From: Matthew Wilcox
Date: Thu Feb 13 2020 - 08:43:23 EST


On Wed, Feb 12, 2020 at 08:38:52PM -0800, Andrew Morton wrote:
> On Fri, 24 Jan 2020 17:35:41 -0800 Matthew Wilcox <willy@xxxxxxxxxxxxx> wrote:
>
> > From: "Matthew Wilcox (Oracle)" <willy@xxxxxxxxxxxxx>
> >
> > This series adds a readahead address_space operation to eventually
> > replace the readpages operation. The key difference is that
> > pages are added to the page cache as they are allocated (and
> > then looked up by the filesystem) instead of passing them on a
> > list to the readpages operation and having the filesystem add
> > them to the page cache. It's a net reduction in code for each
> > implementation, more efficient than walking a list, and solves
> > the direct-write vs buffered-read problem reported by yu kuai at
> > https://lore.kernel.org/linux-fsdevel/20200116063601.39201-1-yukuai3@xxxxxxxxxx/
>
> Unclear which patch fixes this and how it did it?
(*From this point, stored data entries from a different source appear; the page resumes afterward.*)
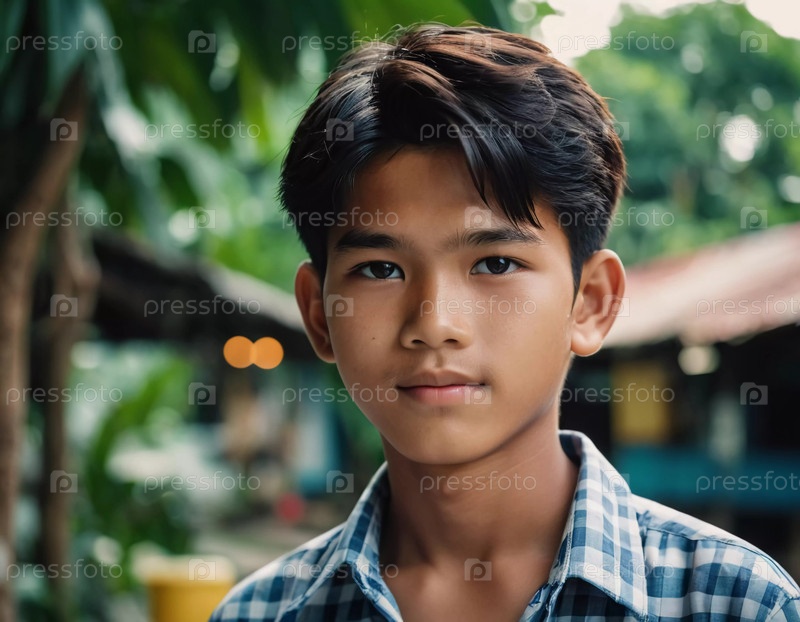 Мальчик около десяти лет, одетый в клетчатую рубашку, уверенно стоит на улице среди пышной зелени. Солнечный свет мягко освещает сцену, выделяя его черты. Генерирующий ИИ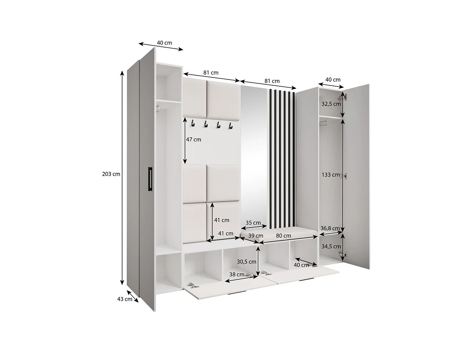 GARDEROBE Margaret I+I 162/203/43 avec panneaux rembourrés et armoire à chaussures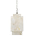 This unique alabaster pendant has strong cubic lines that float in its alabaster white glow.
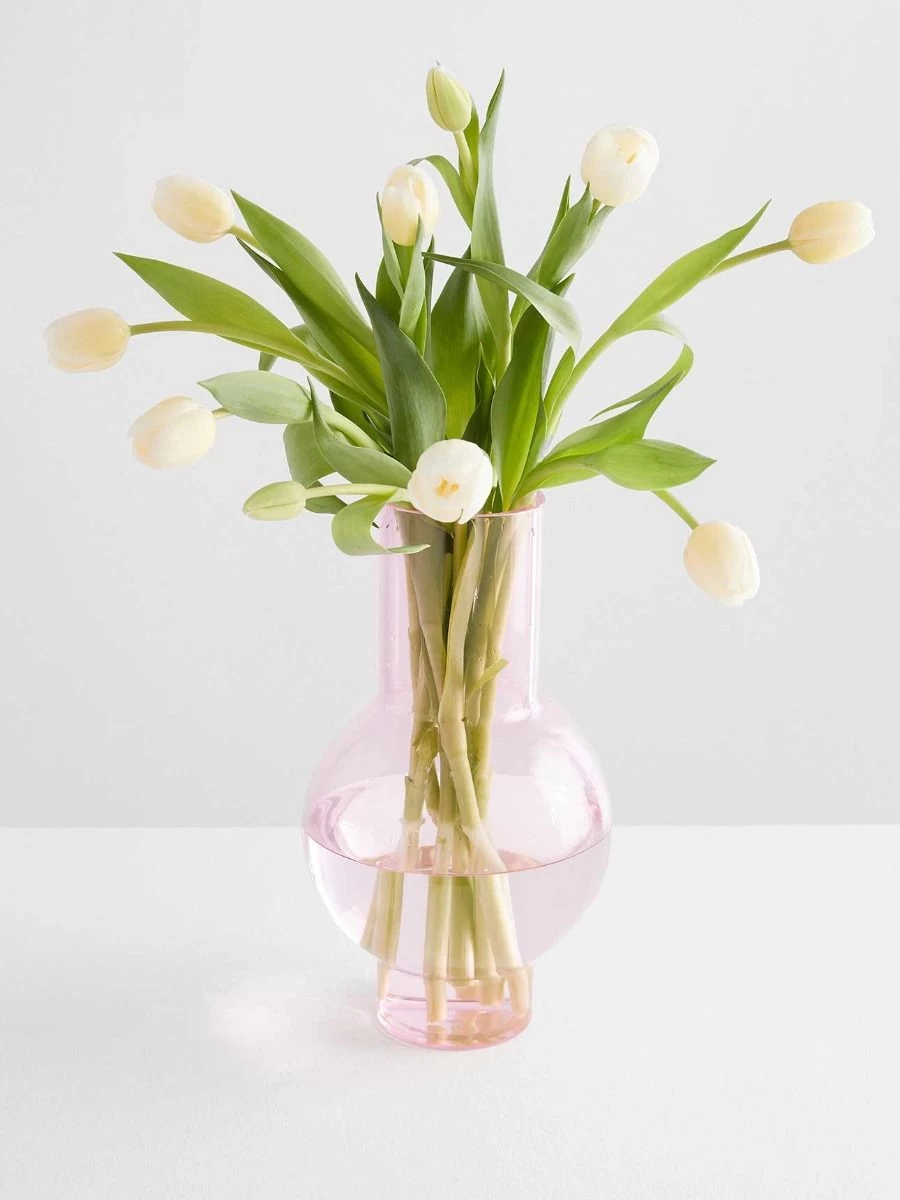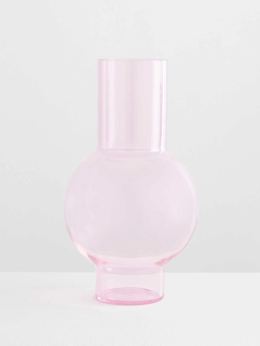 Our beacon of light, the Loulou XL vase is all grown up and dressed in a demure pink borosilicate glass. Still playful at heart, she invites you to see how many flowers can float within her buoyed bowl.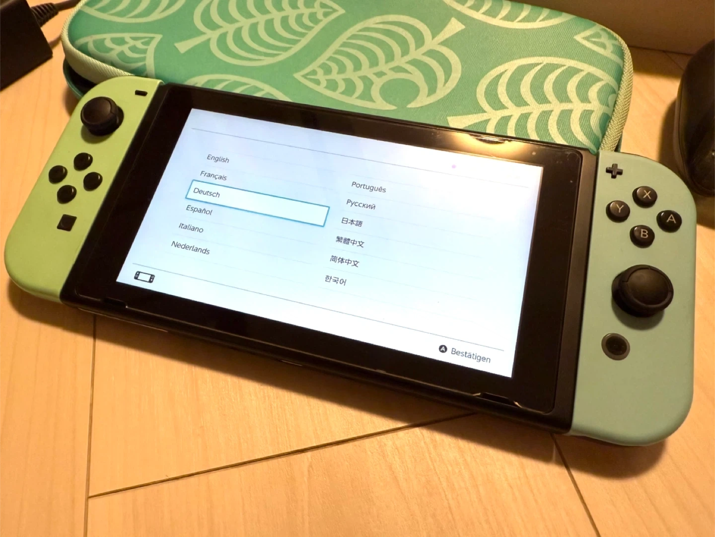 あたたかさニンテンドースイッチ あつまれどうぶつの森 editionです。 【情報】 ブランド:ニンテンドー 商品:スイッチ本体 あつまれどうぶつの森デザイン カラー:グリーン、ホワイト 本体初期化済み 【状態】 小さな割れあり(写真参照) 使用感少なめ ジョイコン右のRボタンが反応しません。 普段使いには良いかと思いますが、この点ご了承ください。 ペット喫煙なし 日焼けの変色なし 初期化しているためソフトはありません。 【付属品】 箱、充電器、ケース、ボクシング用のグリップ、その他付属品あり(写真参照) 中古品であることご了承ください。 大倉山駅、菊名駅、新横浜駅でのお渡しも可能です。 9/25値下げしましたー。 もし大倉山の近くまで取りに来ていただけるなら、上記の他に、スプラトゥーンカラーのコントローラーもお渡しします。こちらは傷もほとんどなく、ボタンスティックに異常ないです。本体のコントローラーと交換すれば十分に遊べます。

I suppose the problem isn't fixed until patch 13/13 is applied.
What yu kuai is seeing is a race where readahead allocates a page,
then passes it to iomap_readpages, which calls xfs_read_iomap_begin()
which looks up the extent. Then thread 2 does DIO which modifies the
extent, because there's nothing to say that thread 1 is still using it.
With this patch series, the readpages code puts the locked pages in the
cache before calling iomap_readpages, so any racing write will block on
the locked page until readahead is completed.
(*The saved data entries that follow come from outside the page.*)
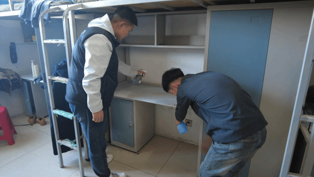 行动前,权益部做足周密筹备:马浩洋牵头召开会议明确分工,提前备齐喷壶、医用酒精、84 消毒液等合规工具;逐一对接各寝室确认无课时间段,避开同学作息;通过班级群科普消毒注意事项,提醒收纳餐具、电子产品等易腐蚀物品。马浩洋强调:“日常消毒要兼顾全面性与安全性,需按比例稀释消毒液,避免损坏同学物品。”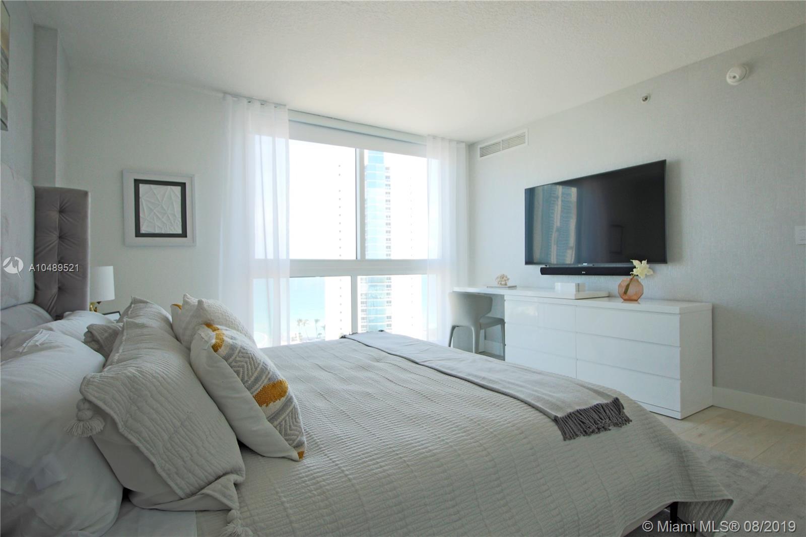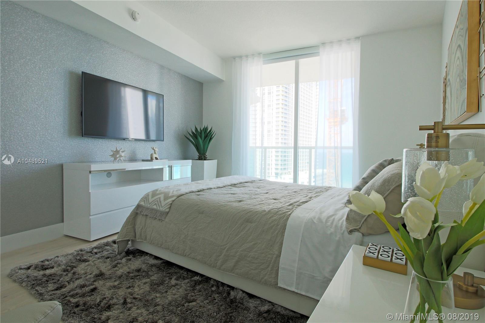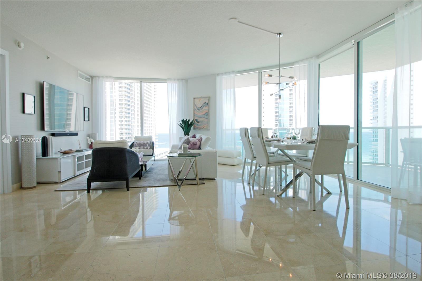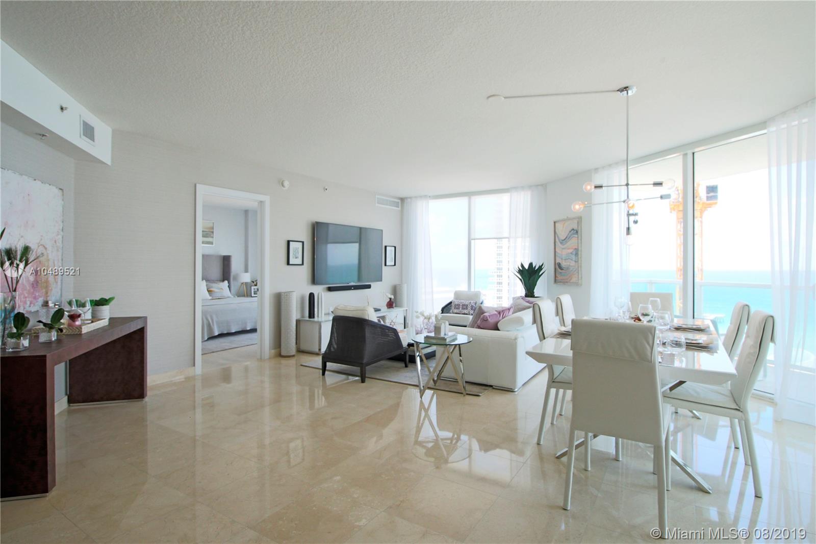 Estate sale and priced to sell. Island chic living at the luxurious St. Tropez located in Sunny Isles Beach. High floor, fully furnished unit with ocean views from master bedroom. Professionally decorated 3 bedroom & 2 bathroom unit. Notable features include marble & wood floors through out, floor to ceiling impact glass windows, custom closets, remote controlled electric blinds, quartz kitchen countertops, Lutron lighting, Alexa audio & iPad control. St Tropez offers resort-like amenities, like zero edge lap pool, state of the art fitness center, concierge service, beach shuttle & more. Across the street from the beach, retail shops, children's park short distance to Bal Harbor shops & Aventura Mall.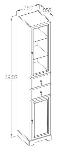 Описание: пенал для ванной с выдвижными ящиками и с распашными фасадами, декорирован вставкой из стекла. Внутреннее пространство оснащено полками. Пенал выполнен из массива бука.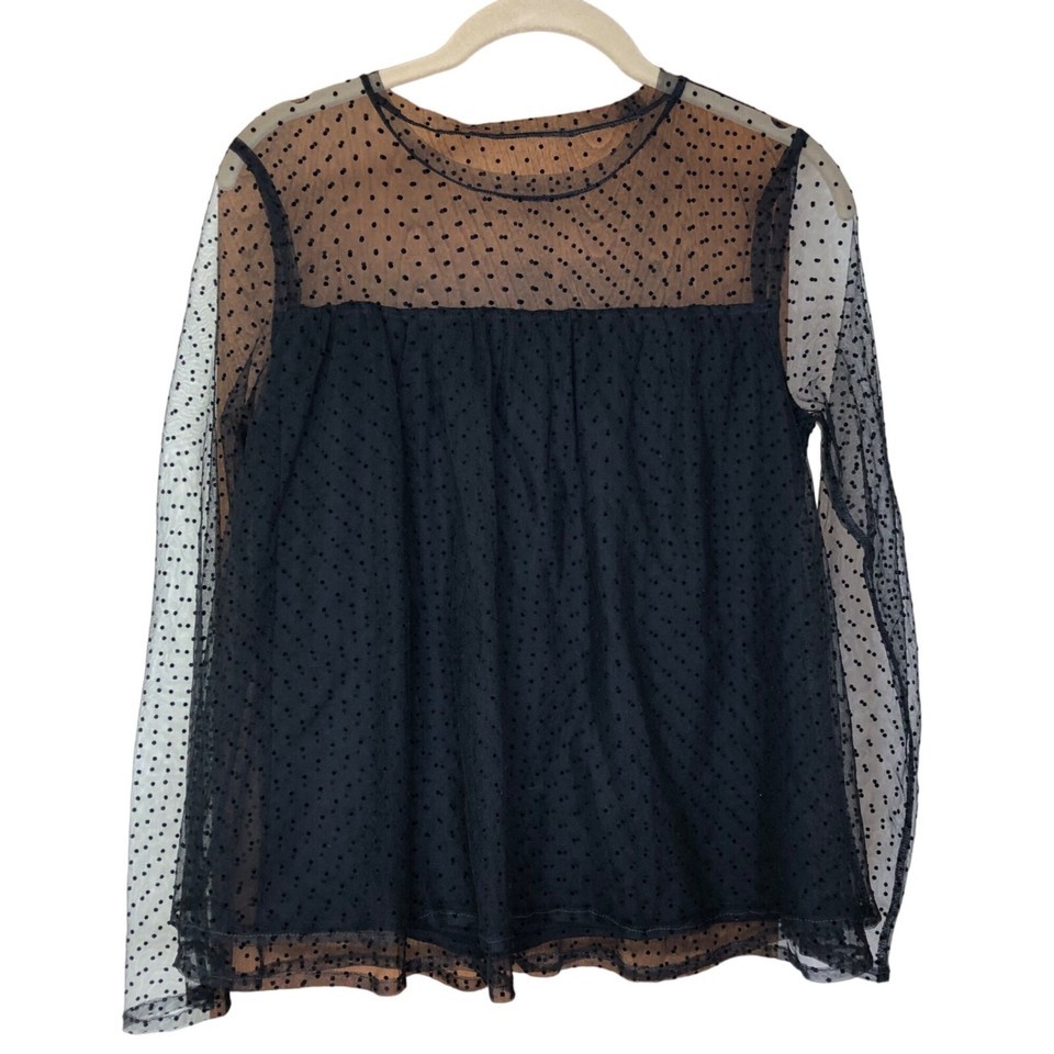 New Black Sheer Polka Dot Long-Sleeve Top XS and similar items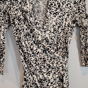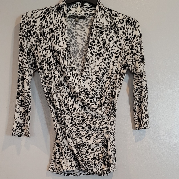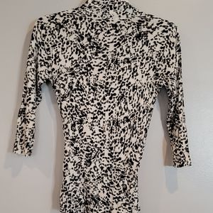 Long sleeve black and white animal print top

If you're tempted to put this into -mm, I have a couple of new changes;
one to fix a kernel-doc warning for mpage_readahead() and one to add
kernel-doc for iomap_readahead():

+++ b/fs/mpage.c
@@ -339,9 +339,7 @@

/**
* mpage_readahead - start reads against pages
- * @mapping: the address_space
- * @start: The number of the first page to read.
- * @nr_pages: The number of consecutive pages to read.
+ * @rac: Describes which pages to read.
* @get_block: The filesystem's block mapper function.
*
* This function walks the pages and the blocks within each page, building and

+++ b/fs/iomap/buffered-io.c
@@ -395,6 +395,21 @@
return done;
}

+/**
+ * iomap_readahead - Attempt to read pages from a file.
+ * @rac: Describes the pages to be read.
+ * @ops: The operations vector for the filesystem.
+ *
+ * This function is for filesystems to call to implement their readahead
+ * address_space operation.
+ *
+ * Context: The file is pinned by the caller, and the pages to be read are
+ * all locked and have an elevated refcount. This function will unlock
+ * the pages (once I/O has completed on them, or I/O has been determined to
+ * not be necessary). It will also decrease the refcount once the pages
+ * have been submitted for I/O. After this point, the page may be removed
+ * from the page cache, and should not be referenced.
+ */
void iomap_readahead(struct readahead_control *rac, const struct iomap_ops *ops)
{
struct inode *inode = rac->mapping->host;

I'll do a v6 with those changes soon, but I would really like a bit more
review from filesystem people, particularly ocfs2 and gfs2.